### Problem requirements
Give the whole listing below once more, exactly, without pictures.

### Dataset excerpt
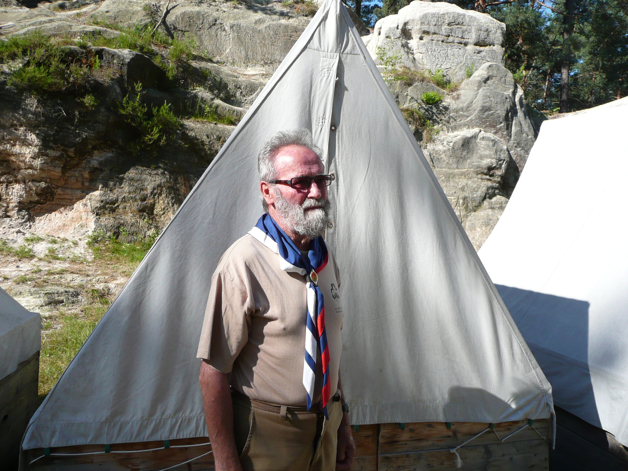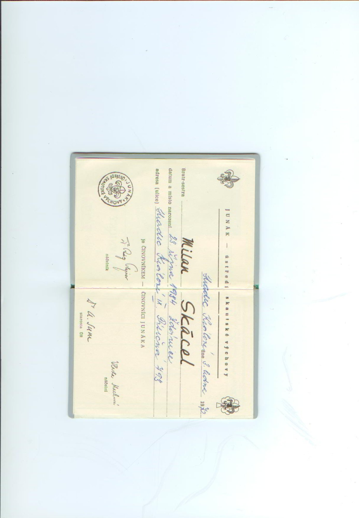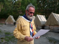 Milan Skácel - Kobra was born October 23, 1934 in Žďánice near Hodonín. After WWII he joined a Boy Scout troop (the patrol Lišky - Foxes) in Strážnice near Veselí nad Moravou. He was one of the three sons of the local higher elementary school teacher and principal. It was his older brother, who had been a Boy Scout before the war, who introduced Milan to Scouting. In 1946 and 1947 he participated in camps in the Moon Valley in the Carpathian Mountains. The ban on Scouting and the political transformation after 1948 did not hit them as severely as the Scouts in Prague; he and his friends kept meeting in pubs and tramping together. He studied the military academy in Nové Mesto nad Váhom and then worked as a professional soldier for nine years in the communications regiment in Pardubice. He married and during the restoration of Scouting in 1968 he and his wife moved from Pardubice to Hradec Králové, where he joined the 18th troop. After two years of activity and two camps in Muchov (under the village of Nebeská Rybná on the river Zdobnice in Eagle Mountains) their troop became disbanded. Milan Skácel was dismissed from the party and from his job in 1974 due to illegal operation of a radio station. In 1989, as an Oldscout and official, he took part in the third restoration of Scouting, which in his eyes was not as joyful as the one in 1968. He and his wife have worked for the Czech Scouting movement on the international level.
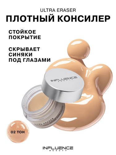 INFLUENCE BEAUTY Консилер для лица Ultra Eraser, кремовый, плотный, стойкое покрытие, тон 02, бежевый, 6,5 г - Разбор состава
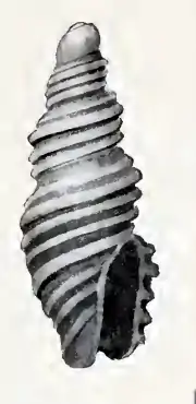 (Original description) The shell has a wax yellow color. The 1½ whorls of the protoconch are well rounded and apparently smooth. The subsequent whorls are strongly, tabulatedly shouldered. They are marked by strong, spiral cords, of which 3 occur between the angle of the shoulder and the suture on all the whorls. These are a little wider than the spaces that separate them. On the middle of the tabulated shoulder, a slender spiral cord begins on the first whorl, which increases in strength until it is about half as strong as those anterior to it on the body whorl. The sutures are strongly constricted. The periphery of the body whorl is marked by a cord fully as strong as those posterior to it. The base of the shell is moderately prolonged, slightly rounded, marked by three spiral cords which are almost as strong as those on the spire and of about equal spacing with them. The aperture is feebly channeled posteriorly, decidedly so anteriorly. The outer lip is rendered sinuous by the spiral cords. The inner lip and parietal wall are covered with a thin callus.[1]

### Answer box
 Milan Skácel - Kobra was born October 23, 1934 in Žďánice near Hodonín. After WWII he joined a Boy Scout troop (the patrol Lišky - Foxes) in Strážnice near Veselí nad Moravou. He was one of the three sons of the local higher elementary school teacher and principal. It was his older brother, who had been a Boy Scout before the war, who introduced Milan to Scouting. In 1946 and 1947 he participated in camps in the Moon Valley in the Carpathian Mountains. The ban on Scouting and the political transformation after 1948 did not hit them as severely as the Scouts in Prague; he and his friends kept meeting in pubs and tramping together. He studied the military academy in Nové Mesto nad Váhom and then worked as a professional soldier for nine years in the communications regiment in Pardubice. He married and during the restoration of Scouting in 1968 he and his wife moved from Pardubice to Hradec Králové, where he joined the 18th troop. After two years of activity and two camps in Muchov (under the village of Nebeská Rybná on the river Zdobnice in Eagle Mountains) their troop became disbanded. Milan Skácel was dismissed from the party and from his job in 1974 due to illegal operation of a radio station. In 1989, as an Oldscout and official, he took part in the third restoration of Scouting, which in his eyes was not as joyful as the one in 1968. He and his wife have worked for the Czech Scouting movement on the international level.
 INFLUENCE BEAUTY Консилер для лица Ultra Eraser, кремовый, плотный, стойкое покрытие, тон 02, бежевый, 6,5 г - Разбор состава
 (Original description) The shell has a wax yellow color. The 1½ whorls of the protoconch are well rounded and apparently smooth. The subsequent whorls are strongly, tabulatedly shouldered. They are marked by strong, spiral cords, of which 3 occur between the angle of the shoulder and the suture on all the whorls. These are a little wider than the spaces that separate them. On the middle of the tabulated shoulder, a slender spiral cord begins on the first whorl, which increases in strength until it is about half as strong as those anterior to it on the body whorl. The sutures are strongly constricted. The periphery of the body whorl is marked by a cord fully as strong as those posterior to it. The base of the shell is moderately prolonged, slightly rounded, marked by three spiral cords which are almost as strong as those on the spire and of about equal spacing with them. The aperture is feebly channeled posteriorly, decidedly so anteriorly. The outer lip is rendered sinuous by the spiral cords. The inner lip and parietal wall are covered with a thin callus.[1]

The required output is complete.